Basically... extreme settings, the whole map is red... less extreme settings, and well, you have huge biter megabases with narrow paths between them.
Biters expand? tiny patch with upto a dozen nests and worms. that's it.
It would be... better, if when expanding, instead of creating a whole new nest a tile or two away, they instead just added more nests to their borders. I'm not saying get rid of the migration and setting up a new colony entirely, I'm saying that they should expand their colony as well.
Mods probably do this already, but it should be behaviour in the base game.
Basically... extreme settings, the whole map is red... less extreme settings, and well, you have huge biter megabases with narrow paths between them.

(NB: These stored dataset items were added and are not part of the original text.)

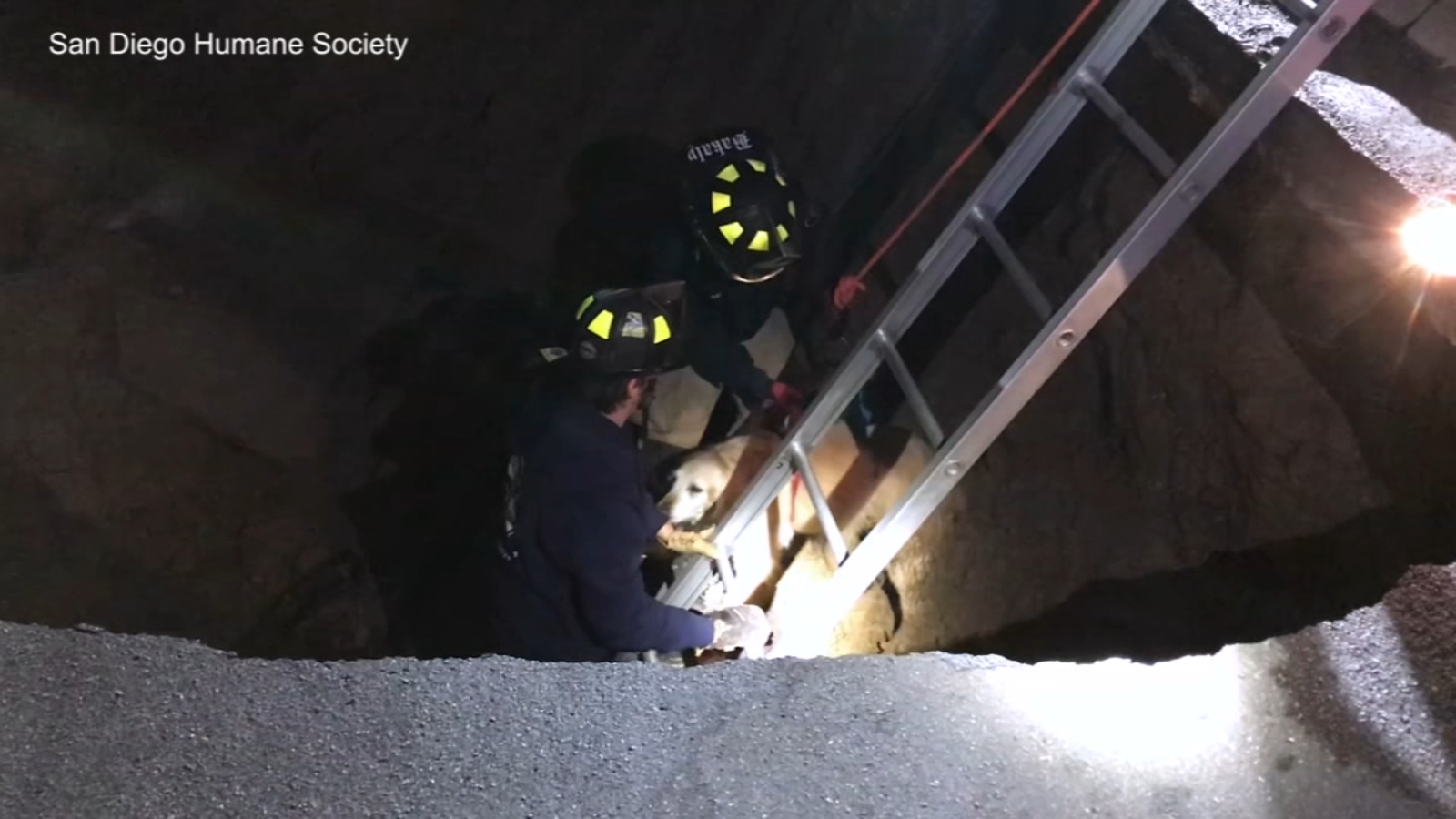 San Diego Humane Society's tech team was called in to assist the San Diego Fire Department with the rescue. Firefighters were able to safely remove Ruby from the sinkhole and reunited her with her owner.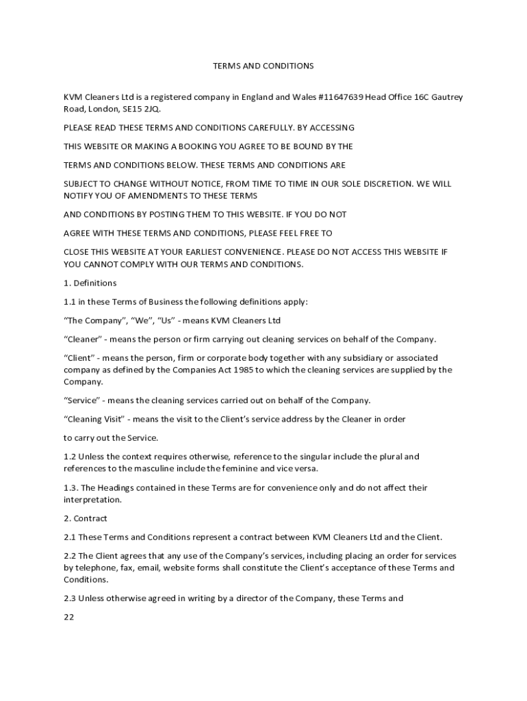 TERMS AND CONDITIONS KVM Cleaners Ltd is a registered company in England and Wales #11647639 Head Office 16C Mantra Road, London, SE15 2JQ. PLEASE READ THESE TERMS AND CONDITIONS CAREFULLY. BY ACCESSING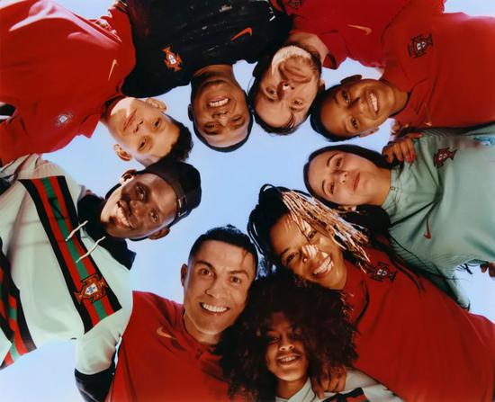 低饱和度的绿色来自葡萄牙国旗,也与上衣领口相呼应。球员编号外用同色圆圈装饰,更显鲜艳和高调,让红配绿这个被时尚圈误解多年的“死亡配色”呈现出典雅与激情的融合。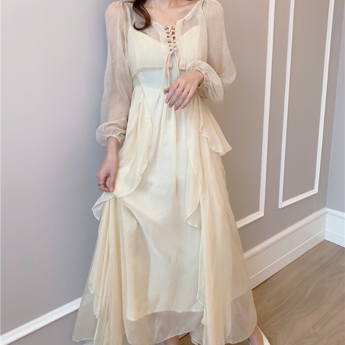 Летнее шифоновое платье-комбинация, модный комплект, 2020, популярно в интернете, защита от солнца, в западном стиле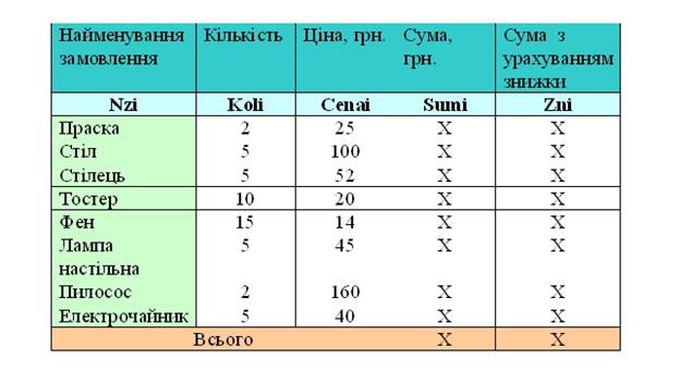 2. Скласти довідку по магазину про заявки на продаж побутових товарів за безготівковим розрахунком на підставі наведених даних: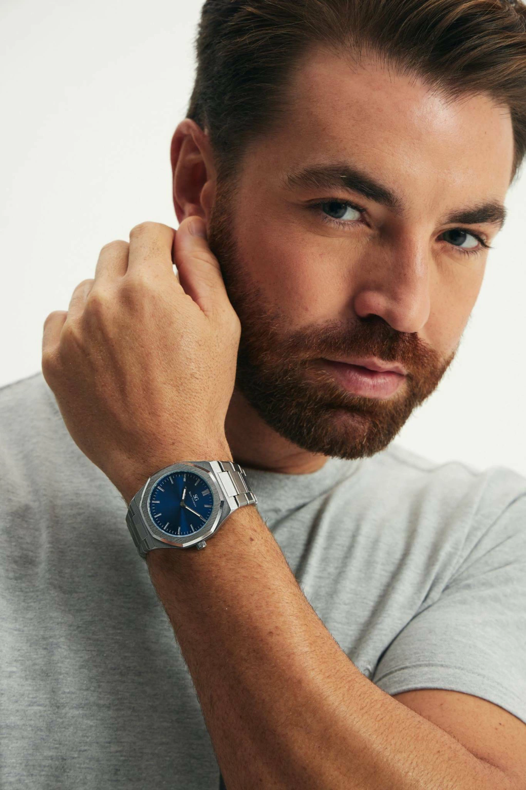 Hudson Blue Silver – Para homens que dominam o tempo com estilo.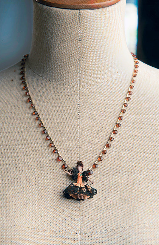 Miniature Spanish Dancer Doll on Hessonite Garnet Necklace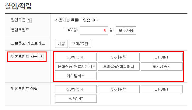 그 외에 다른 제휴포인트를 사용하셔도 됩니다.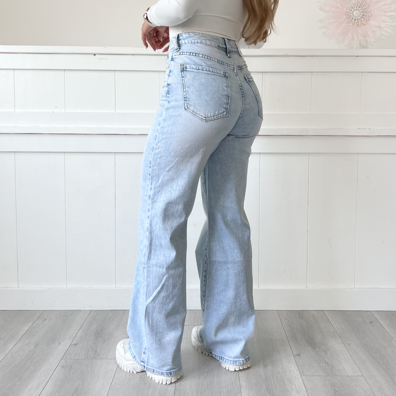Blauwe wide leg jeans, mooie pasvorm en kleur! Op het label staat 'mid rise, full lenght & stretch', persoonlijk vinden wij dat high waist is en er zit wel stretch in maar echt minimaal.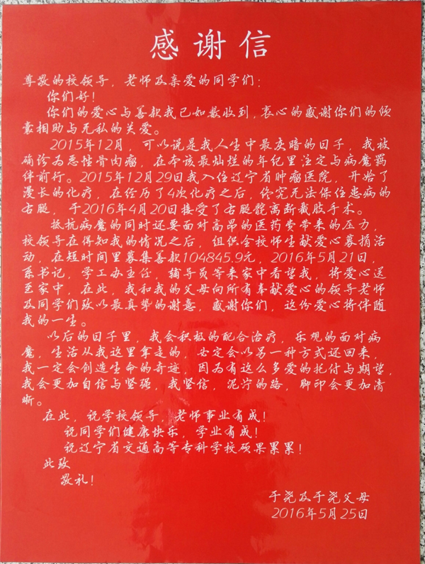 病魔无情,师生有爱——一封来自受助学生及家人的感谢信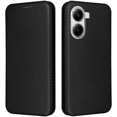 TelefoonhoesjesXiaomi hoesjesXiaomi Poco X7 Pro hoesjesPhonesta Carbon Fiber Skin Book Wallet Case hoesje voor Xiaomi Poco X7 Pro - Zwart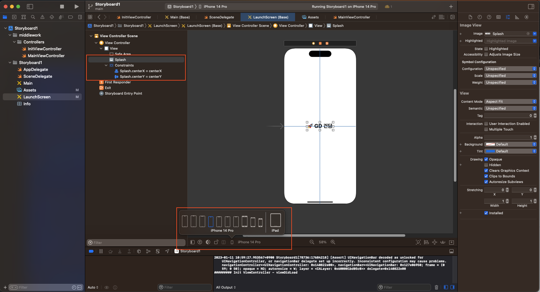 Constraints가 추가되고 위치가 중앙으로 고정되었다. Splash 이미지 크기 변경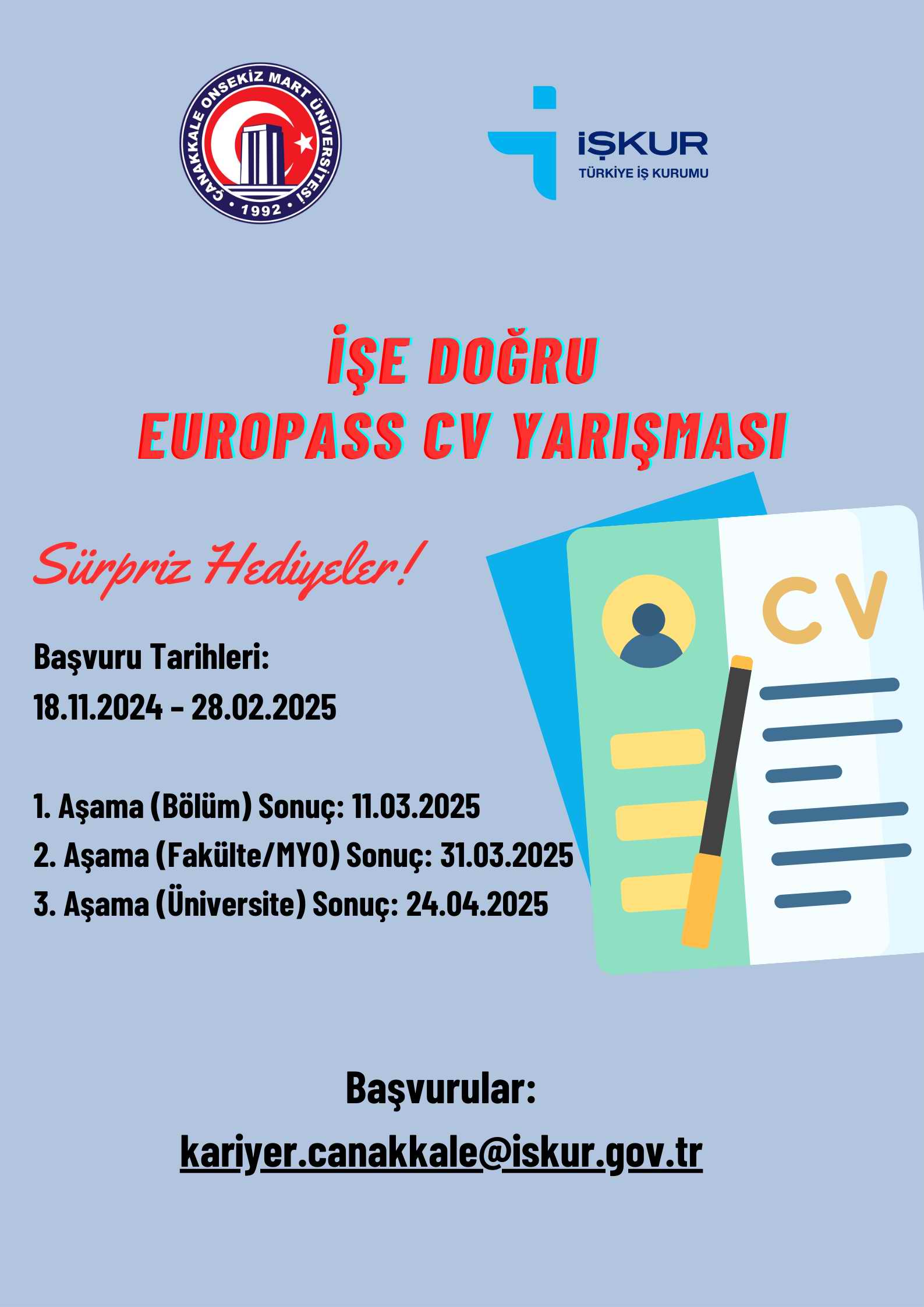 İŞKUR Çanakkale’den yapılan açıklamaya göre bu yılki yarışmanın başvurularının 18 Kasım 2024 ve 28 Şubat 2025 tarihleri arasında alınacak. Yarışmaya öğrenciler CV’lerini [email protected] adresine gönderebilecekler. Yarışmada dereceye giren öğrencileri sürpriz hediyeler beklerken sonuçlar 3 aşamada açıklanacak. Önce bölüm birincileri, sonra fakülte/meslek yüksekokulu birincileri ve en son da üniversite birincisi duyurulacak.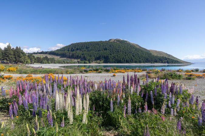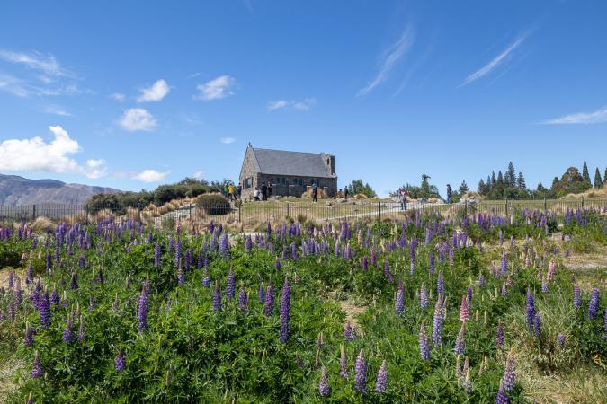 Lundi 20 novembre : debout à 8h00. Petit déjeuner dehors. C'est couvert mais il fait bon. Vidange du van. Départ à 10h00 en direction du lac Tekapo avec deux arrêts sur le lac Pukaki. Vers 10h30, on se gare en bord du lac Tekapo et on va voir la célèbre petite église Church of the Good Shepherd (l'église du bon berger). On espérait la voir avec plein de lupins devant depuis l'autre côté de la rive mais il n'y en a pas. En fait, c’est une plante invasive pour les néo-zélandais, donc ils essayent de l’éradiquer. On traverse le pont piétonnier pour s'approcher. Il y a pas mal de monde. Et quelques lupins quand même.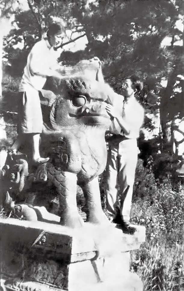 梁思成、林徽因系統調查測繪中國古建和雕刻,是在他們任教東北大學建筑系時從沈陽北陵起步的。有一張照片就是他們兩個正在測繪北陵神道兩邊神獸之麒麟。林徽因騎在麒麟背上,梁思成立在麒麟左前。照片的時間被梁家后人標為1929 年。雖然此時二人都在東北大學任教,但標為1929 年顯然不確。

Biters expand? tiny patch with upto a dozen nests and worms. that's it.
It would be... better, if when expanding, instead of creating a whole new nest a tile or two away, they instead just added more nests to their borders. I'm not saying get rid of the migration and setting up a new colony entirely, I'm saying that they should expand their colony as well.
Mods probably do this already, but it should be behaviour in the base game.
Re: More natural biter behavior
I'm not sure, but I think they do expand their base. I'm not sure if this happens super slowly, or only to a certain extent, or slows exponentially with size, or what though, because I notice very little growth, especially in map gen bases.